現状では、伊丹市は公共のパイプオルガンが設置されてる数少ない地方自治体である、
ということすら知らない方も多いのではないでしょうか。

 本来であれば、伊丹市にはサンシティホールを含めると、音楽に利用できるホールは4つもあるのですから、
専任の音楽監督ないしはプロデューサーがいて、コンサートはその方の企画によって運営されて行くのが良いと思いますが、
そのプロデューサーを採用する判断基準を含めて、自治体ということから、難しい問題もあるのかもしれません。
せめてパイプオルガンという楽器が特殊なのであれば、その中から主任オルガニストを選定し、
その意見を採り入れていくようにすればどうでしょうか。

 また、サンシティホールのような環境にどうしてパイプオルガンが設置されたのか、ということをもっと考えて、
利用してみるべきでしょう。

 サンシティホールのオルガンは、ホールの床からほんの少しだけ高くなっていますが、
他のホールのオルガンに比べると、ほとんど同一面といってよい位置に据えられています。
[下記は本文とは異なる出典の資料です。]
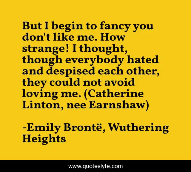 But I begin to fancy you don't like me. How strange! I thought, though everybody hated and despised each other, they could not avoid loving me. (Catherine Linton, nee Earnshaw)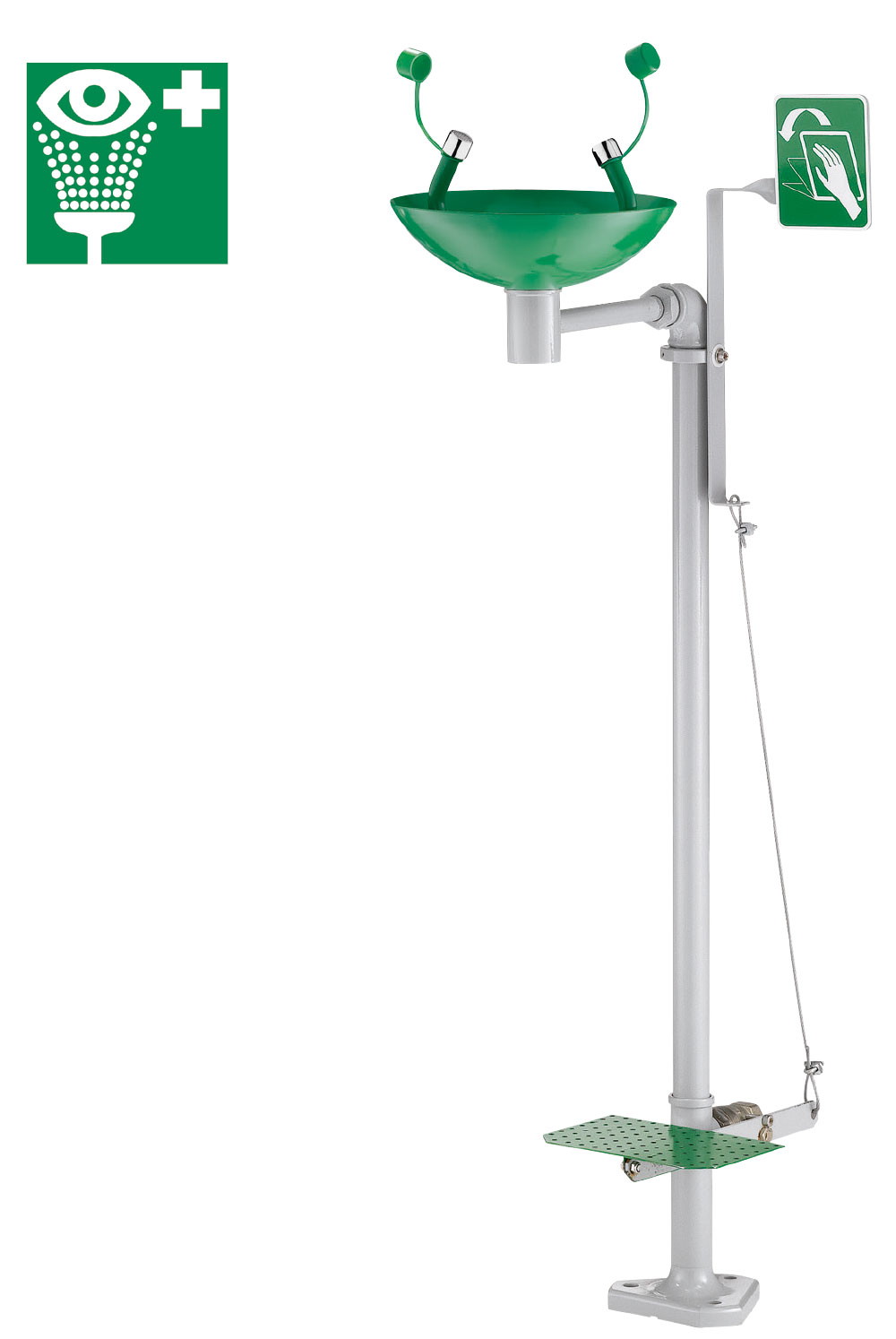 Art. 9201Augendusche auf Säule mit Hand- und Fußbetätigung ausgestattet mit: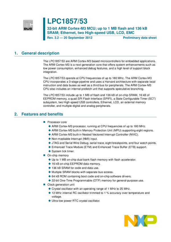 MCU 32-Bit LPC1800 ARM Cortex M3 RISC 1MB Flash 3.3V 180-Pin TFBGA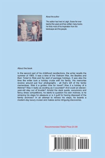 In the second part of his childhood recollections, the writer recalls the summer of 1965. It was a time of the Vietnam War, the Beatles and their Ticket to Ride and the start of package holidays. It was also the time the writer took a holiday cruise with his family. His memories revolve around just four photographs - all that's left of the family mementoes. Was it a golden time for travel? Was it a holiday of a lifetime? Was it really as exciting as it sounded? And could an eleven-year-old stay out of trouble? Amidst the deck quoits, excursions and fancy dress competitions, he starts to question his own motives; is he retracing his steps for pleasure or is it guilt for having disposed of the family archives? In an attempt to retrace his steps, he boards a modern-day luxury cruiser and makes some intriguing discoveries.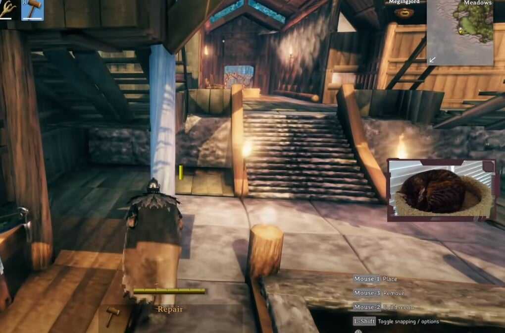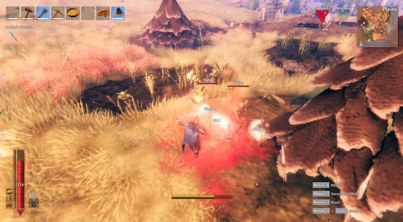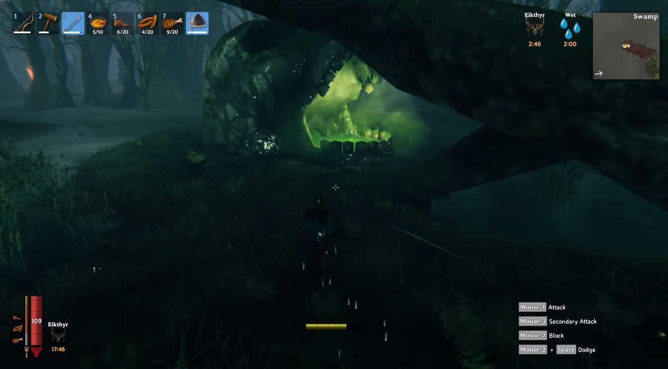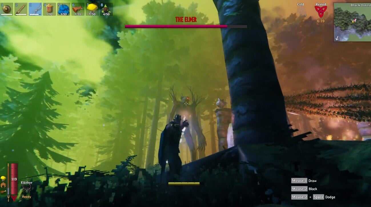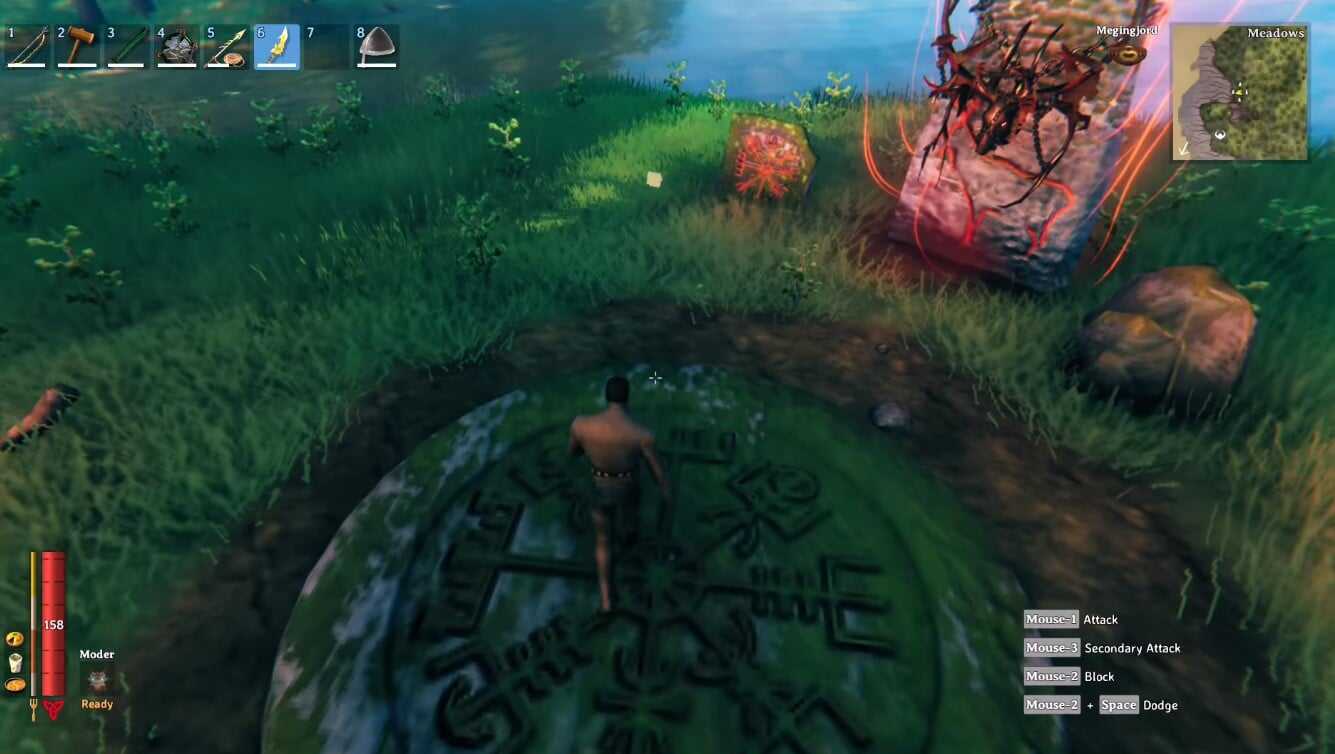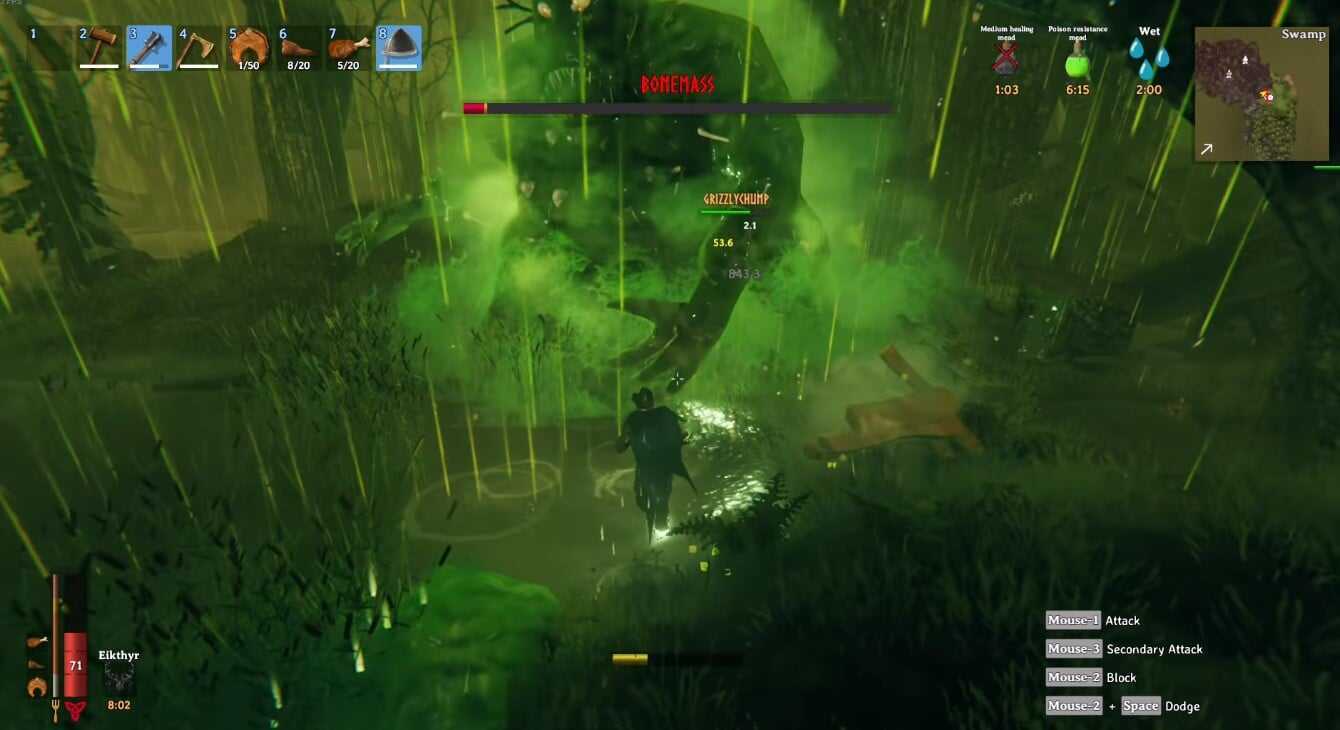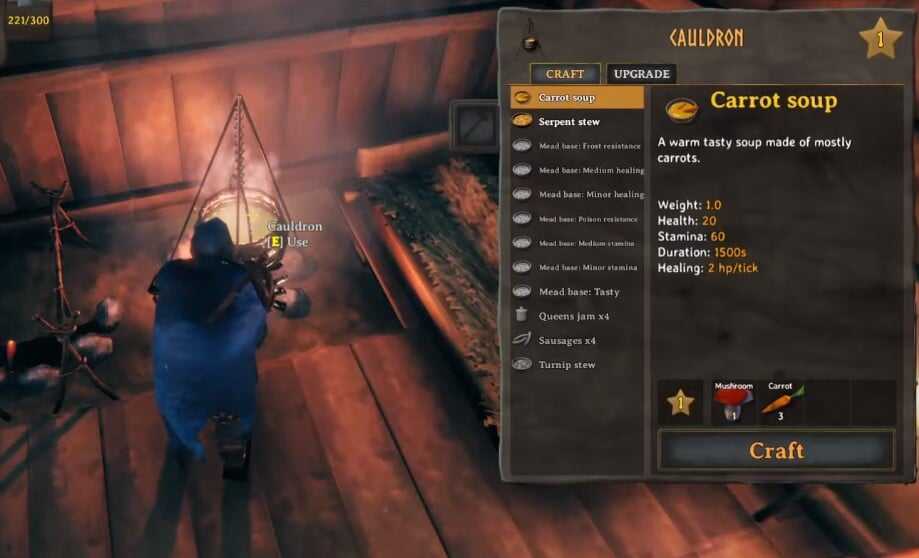 У героя Valheim две характеристики – здоровье и выносливость. Вы могли заметить, что в игре нет уровней и возникает вопрос – как прокачивать здоровье? Ответ прост – здоровье качается само при употреблении пищи. Уже на старте игры питайтесь малиной и грибами – их можно есть сырыми, и они дают бонусные 15 HP. Более сложные блюда нужно готовить на костре или в медном котле. Внимательно следите за приготовлением пищи – еда может сгореть, и вы останетесь голодным. В котле, помимо еды, можно делать медовуху. Она заменяет в игре зелья и дает различные бонусы (например, сопротивление яду или холоду).
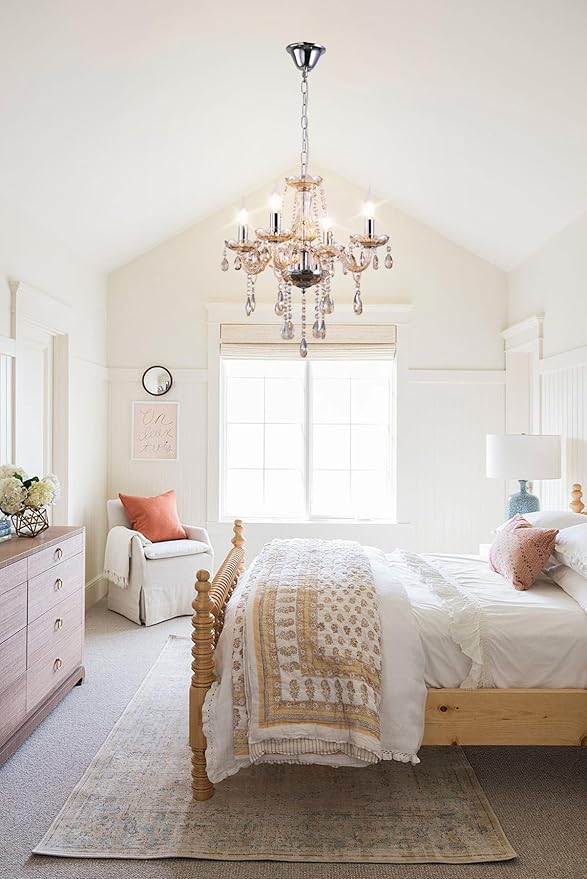 - 【Ideal Decorative Choice】Our crystal chandelier are gorgeous and noble. When its 4 lights are illuminated, dazzling crystal chains and pendants provide an abundance of light. Transform a traditional room into a charming atmosphere.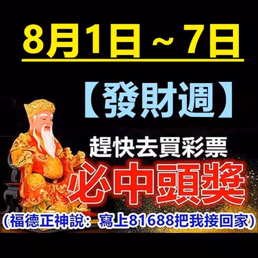 8月1日~7日【發財周】趕快去買彩票,必中頭獎的生肖
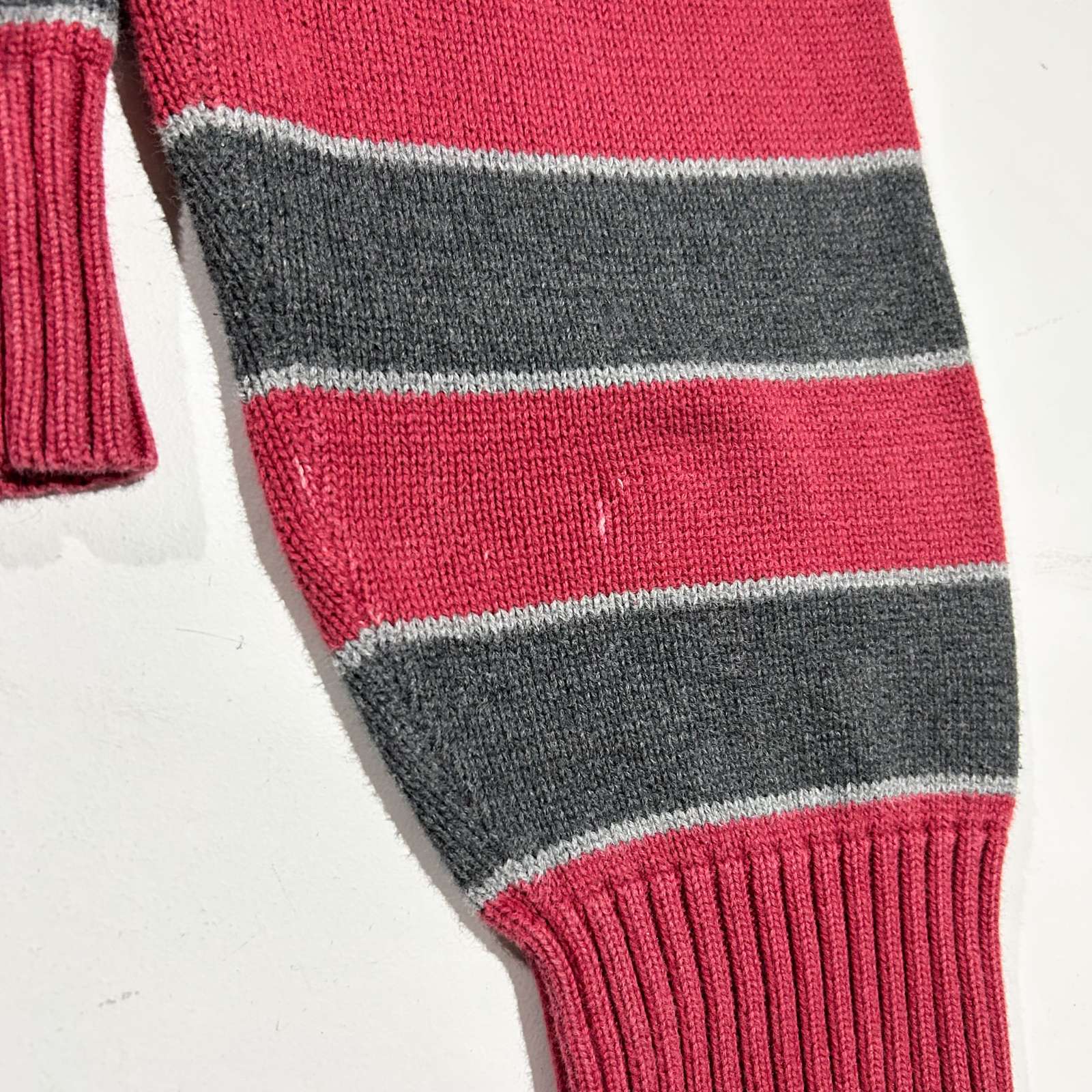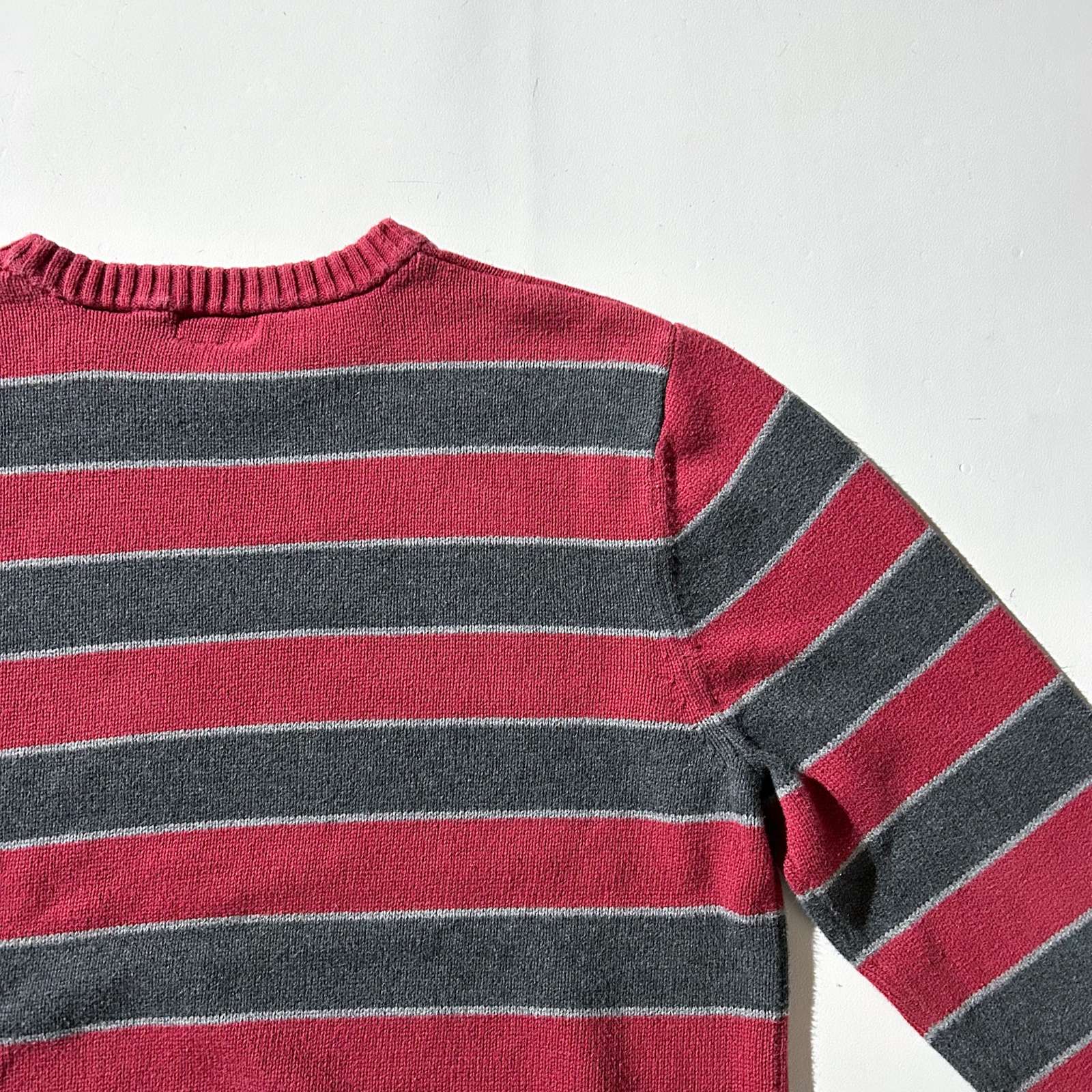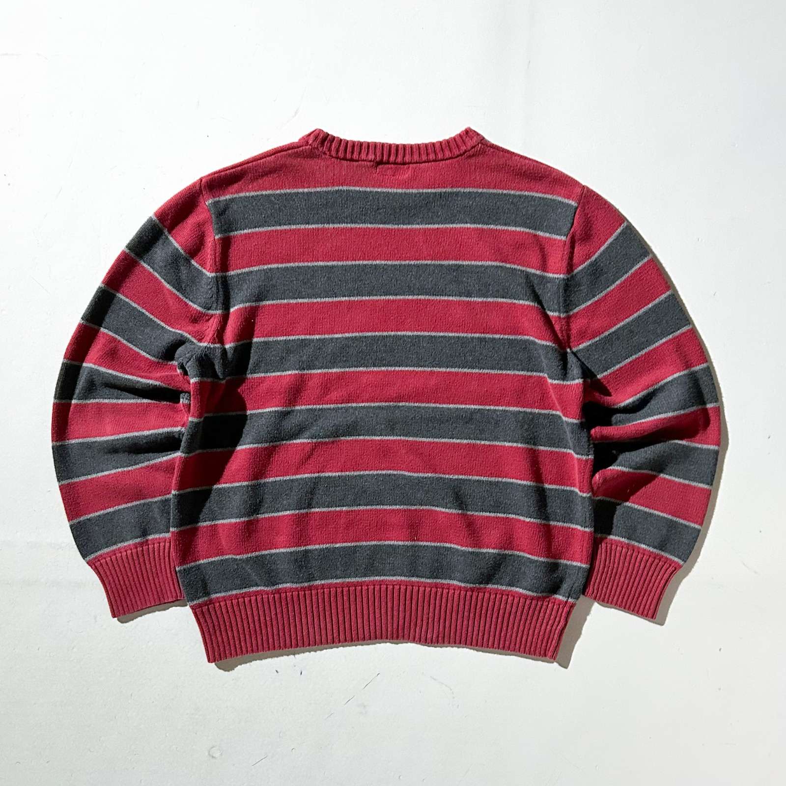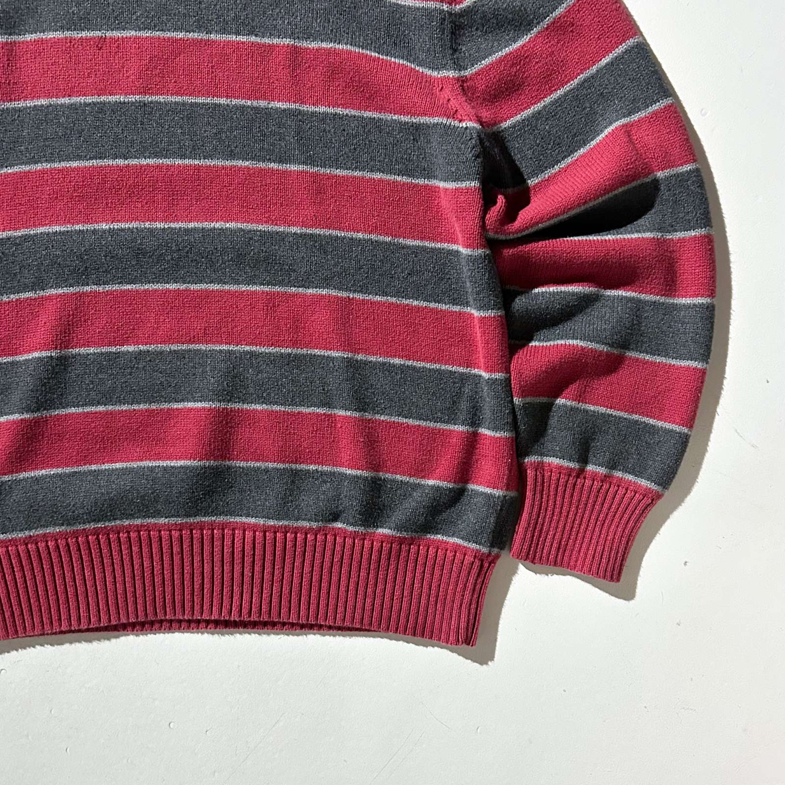 バーガンディとグレーの2トーンボーダーニット。使いやすいカラーと古着らしいパターンがとてもいいです。

形ばかりのバリカーはあるものの、ごく間近で観ることができます。
当然、演奏中はオルガニストの手や足の動きの全てを観ることが出来ます。
最前列では演奏者がパイプを吹くつもりで演奏している息吹まで伝わってきます。
また、2階の回廊からは、ガラス製の背部スウェルからその内部を見ることも可能です。

こんなオルガン、私は他では見たことありません。
また、ホールの響きも素晴らしく、ヨーロッパの石造りの教会のような残響があります。
このような環境ですから、来館者の中にはオルガンに興味を持たれる方も多く、
そのような市民の方に何ができるのか、何をすべきなのか、
私も伊丹の一市民としてこれから一緒に考えていけたらなあと思います。